Tunable topological semimetallic phases in Kondo lattice systems

We exploit topological semimetallic phases resulting from the Kondo screening in Anderson lattice models. It is shown that by including spin-orbit interactions both in the bulk electrons and in the hybridization between the conduction electrons and electrons in the $f$ orbit, all types of topological semimetallic phases can be realized in Anderson lattice models. Specifically, upon either broken time-reversal symmetry or broken inversion symmetry, we find that either the Weyl semimetallic phase, Dirac semimetallic phase, or nodal-ring semimetallic phases always emerge between insulating phases and can be accessed by tuning either temperature or spin-orbit interaction. For Anderson lattice models with general three-dimensional spin-orbit hybridization between the conduction electrons and electrons in the $f$ orbit, we find that Weyl nodal-ring semimetallic phases emerge between strong and weak topological insulating phases. Furthermore, in the presence of an exchange field, Weyl semimetallic phases form after two Weyl points of charge $\pm 1$ split off from a Dirac point at time-reversal momenta.

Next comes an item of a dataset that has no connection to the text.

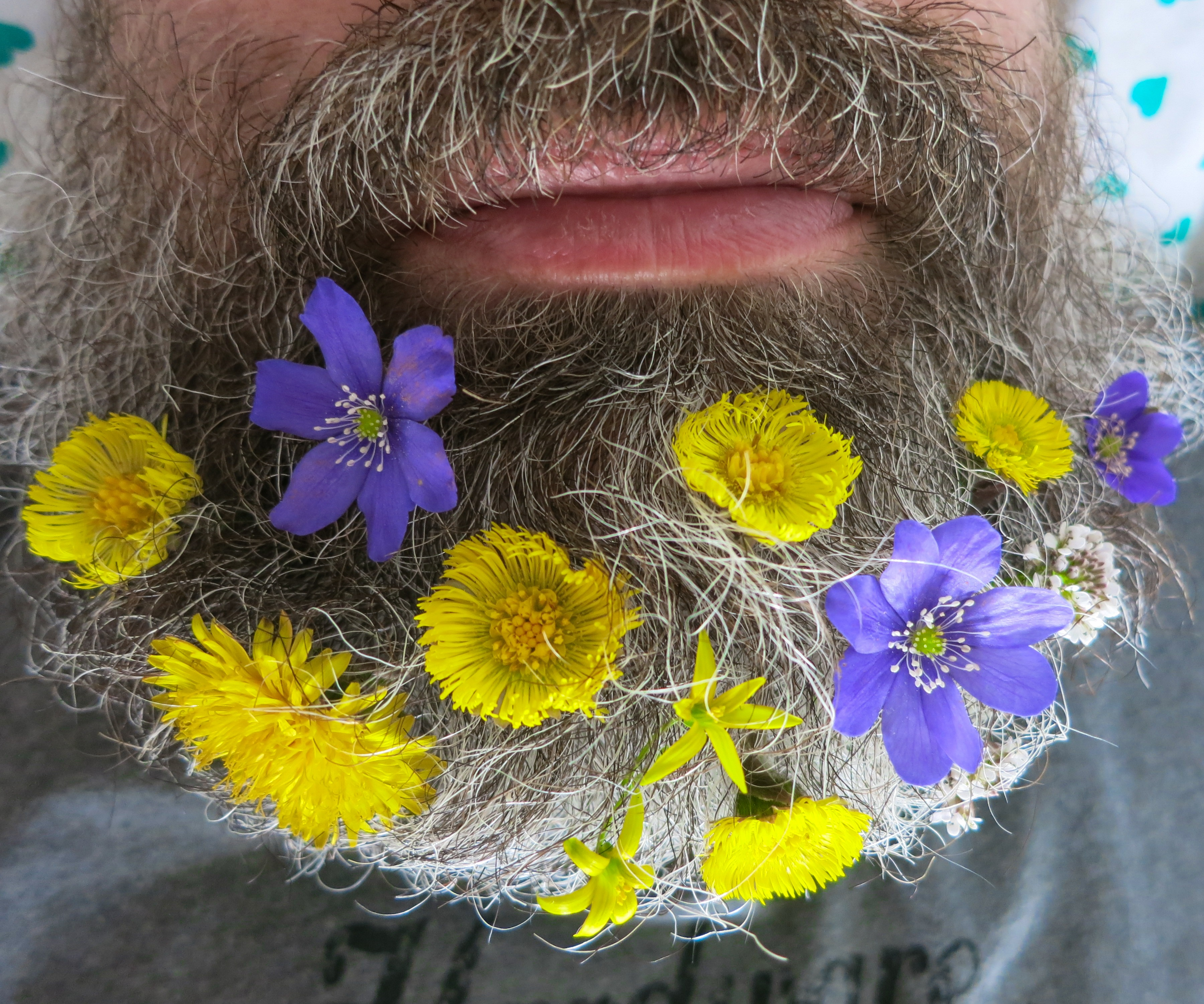 Flowers of the middle of May from Southern Finland forest edge: Hepatica nobilis (blue), Tussilago farfara (yellow, 5 pcs), Gagea lutea (yellow, 2 pcs), and Taraxacum officinale.

On the other hand, when the spin-orbit interaction is included in the conduction electron, we find that upon the rotation symmetry being broken with anisotropic hopping amplitudes, a Weyl semimetallic phase emerges with a double Weyl node with charges of $\pm 2$. Furthermore, the Weyl semimetallic phases with charges of $\pm 2$ can be tuned into Weyl semimetallic phases with charges of $\pm 1$ through the inclusion of the Rashba spin-orbit interaction. Our analyses indicate that Anderson lattices with appropriate spin-orbit interactions provide a platform for realizing all types of topological semimetallic phases.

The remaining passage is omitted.